Population: Subjects for this study will be limited to patients not older than 25 years
Methodology: Prospective, randomized double-blind trial of Pioglitazone versus placebo in FA
patients. Patients will be treated two years and will undergo clinical exams and testing
during three days each six months at the clinical investigation centre.
State of the art Friedreich's ataxia (FA) is a rare progressive neurological disorder
affecting approximately 1/30, 000 individuals. No treatment is presently available to
counteract the neurodegeneration of this extremely severe disease. The cardinal feature is a
progressive gait and limb ataxia. Other commonly associated clinical signs include:
dysarthria, sensory loss, distal weakness, pyramidal signs, absent reflexes, nystagmus and
cardiomyopathy. Pes caves, scoliosis, diabetes and decline of vision or audition are also
found in many patients. The disease often reveals before adulthood and leads to a
progressive loss of autonomy about ten years after disease onset. FA is recessively
inherited with a GAA trinucleotide repeat expansion in the first intron of a gene encoding
frataxin a mitochondrial protein. Decreased frataxin leads to a mitochondrial iron-sulfur
protein deficiency and hampered signalling pathways for superoxide dismutases, key enzymes
of early antioxidant defences of the cells. As a result, cultured patient cells are
particularly sensitive to oxidative insult. One aspect of the pathogenesis in vivo might be
explained by this phenomenon.
Pioglitazone, a well known PPAR gamma (peroxysome proliferators-activated receptor gamma)
ligand induces the expression of many enzymes involved in the mitochondrial metabolism,
including the superoxide dismutases. This agent may be therapeutic by counteracting the
disabled recruitment of antioxidant enzymes in FA patients. This potential neuroprotective
agent crosses the brain blood barrier in human. A clinical study has shown that a daily
treatment with Pioglitazone during three years induced apparent clinical improvement without
adverse events in multiple sclerosis patients. Pioglitazone has been shown to possibly act
on neurodegeneration in humans and animals models thus it appears a promising agent to be
tested in Friedreich ataxia. This agent also didn't show any peculiar toxicity in cultured
human cells with low frataxin compared with control. All these facts lead us to propose a
clinical trial with Pioglitazone in patients with FA. .
Primary objective: To explore the effects of Pioglitazone on neurological function in FA
patients. We expect neurological benefits taking into account the natural course of the
disease.
Population: Subjects for this study will be limited to patients not older than 25 years
Methodology: Prospective, randomized double-blind trial of Pioglitazone versus placebo in FA
patients. Patients will be treated two years and will undergo clinical exams and testing
during three days each six months at the clinical investigation centre.
Patients number justification: 20 patients in each group will be enrolled in the study with
considerations to inclusion possibilities and the Bayes statistical analysis methodology.
Evaluation of prior distribution of success probability per arm will be based on previous
literature data and experts consensus.
Primary endpoint : change in neurological testing as performed using the International
Cooperative Ataxia Rating Scale (ICARS) settled down by the World Federation of Neurology.
Success will be defined as a stabilisation or improvement on ICARS designed as no more than
2 points maximum increment on this scale in two years.
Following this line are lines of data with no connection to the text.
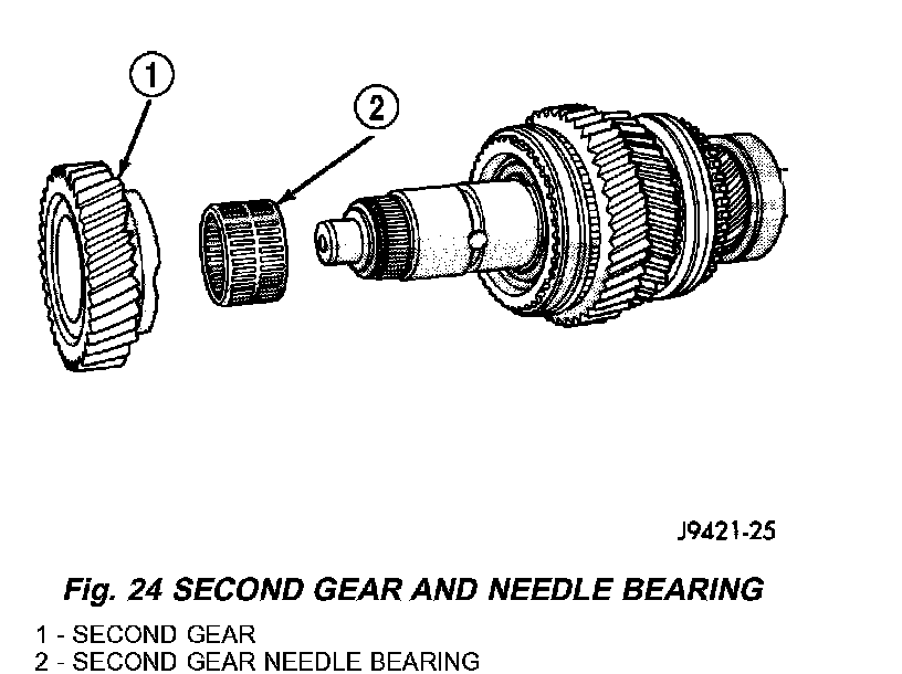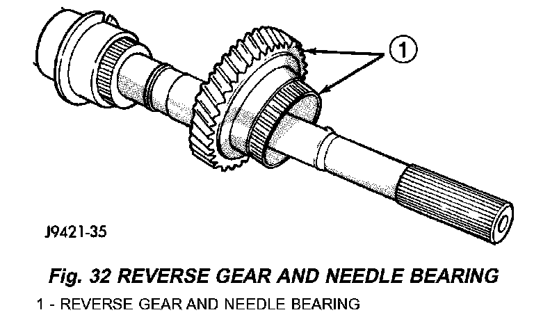 Inspect idler gear, bearing, shaft, thrust washer and support for excessive wear or failure (Fig. 34). Replace bearing if any of the needle bearing rollers are worn, chipped, cracked, flat-spotted or brinnelled. Also replace the bearing if the plastic bearing cage is damaged or distorted.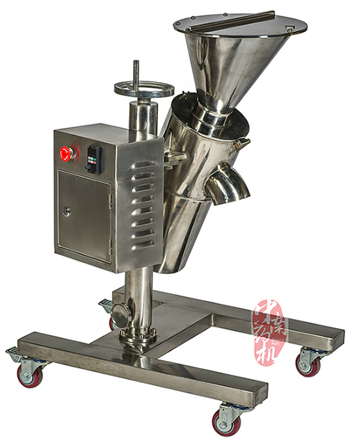 加工的原料進(jìn)入粉碎整粒機(jī)的進(jìn)料口后,落入錐形工作室,由旋轉(zhuǎn)回轉(zhuǎn)刀對原料起旋流作用,并以離心力將顆粒甩向篩網(wǎng)面,同時(shí)同于回轉(zhuǎn)刀的高速旋轉(zhuǎn)與篩網(wǎng)面產(chǎn)生剪切作用,顆粒在旋轉(zhuǎn)刀與篩網(wǎng)間被粉碎成小顆粒并經(jīng)篩網(wǎng)排出。粉碎的顆粒大小,由篩網(wǎng)的數(shù)目、回轉(zhuǎn)刀與篩網(wǎng)之間的間距以及回轉(zhuǎn)轉(zhuǎn)速的快慢來調(diào)節(jié)。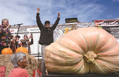 第52届世界南瓜大赛13日在美国加利福尼亚州半月湾举行。美国工程师兼园艺爱好者布兰登·道森凭借自己种出的1064公斤重南瓜一举夺魁,赢得两万美元奖金。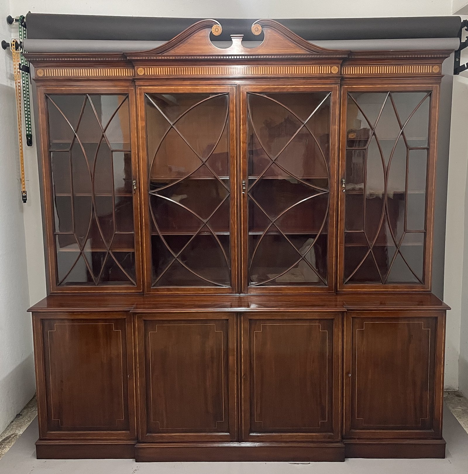 A fabulous quality 19th Century inlaid mahogany breakfront bookcase, having a moulded edge cornice with dentil moulding and a swan neck pediment at the centre with decorative circular fan inlays, the frieze below having further decorative inlay, having four astrigal glazed doors below opening to reveal three adjustable shelves at the sides and two adjustable shelves at the centre, the bottom section having four inlaid panelled doors opening to reveal two adjustable shelves in each section, supported on a plinth base. The bookcase is in excellent condition and having a nice warm rich mahogany colour. Circa 1880.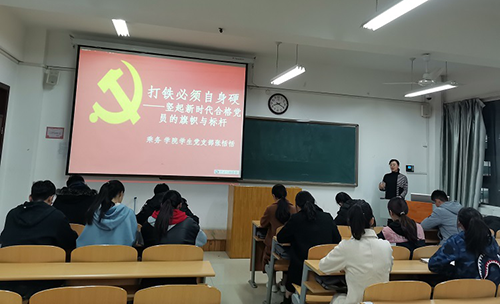 2019年11月3日晚,OK138太阳集团学生党支部书记张恬恬同志为学生党支部全体成员上了题为“打铁还需自身硬——树起新时代合格党员的旗帜和标杆”的党课。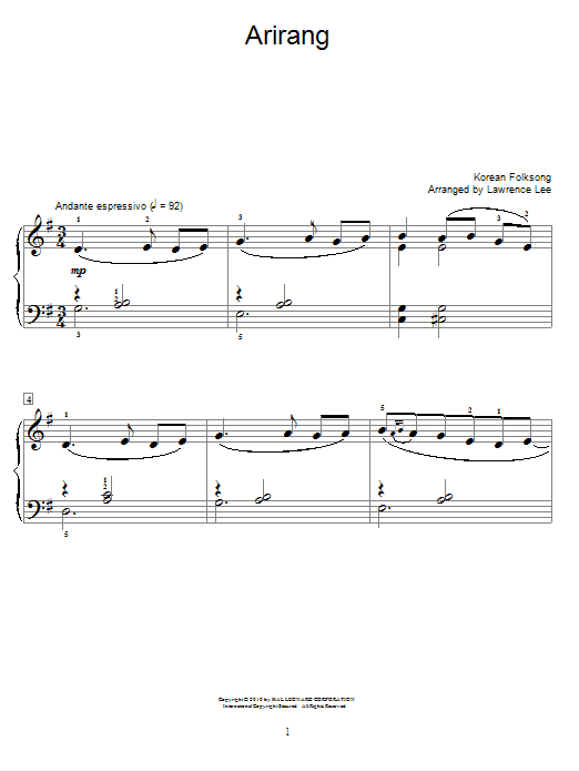 Download or print Korean Folksong Arirang sheet music, chords and digital score arranged for Educational Piano. This Folk score includes 2 page(s).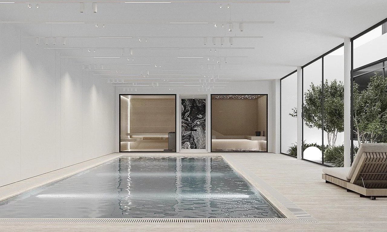 -The lower level features a wellness area with indoor pool, sauna, steam room and gym.

Secondary endpoints include measurements of the following: Neurological score by the
Friedreich's Ataxia Rating Scale (FARS), gait record and analysis of its components, posture
study, kinetic study of the upper limbs, speech, oculomotor and auditory disorders,
functional handicap using the Disability Status Scale (DSS), quality of life by SF-36 score;
Cardiac involvement (electrocardiography, 24 hours holter, echocardiography with tissue
doppler) and drug tolerance.
Benefits expected with this clinical trial: Expected results will be reduced symptoms or
stabilization of the natural evolution of this threat full progressive disease with bad
prognosis in patients treated with Pioglitazone. Furthermore, study results will possibly
contribute in the validation and standardization of new clinical evaluation tools used in
the follow-up of Friedreich ataxia patients.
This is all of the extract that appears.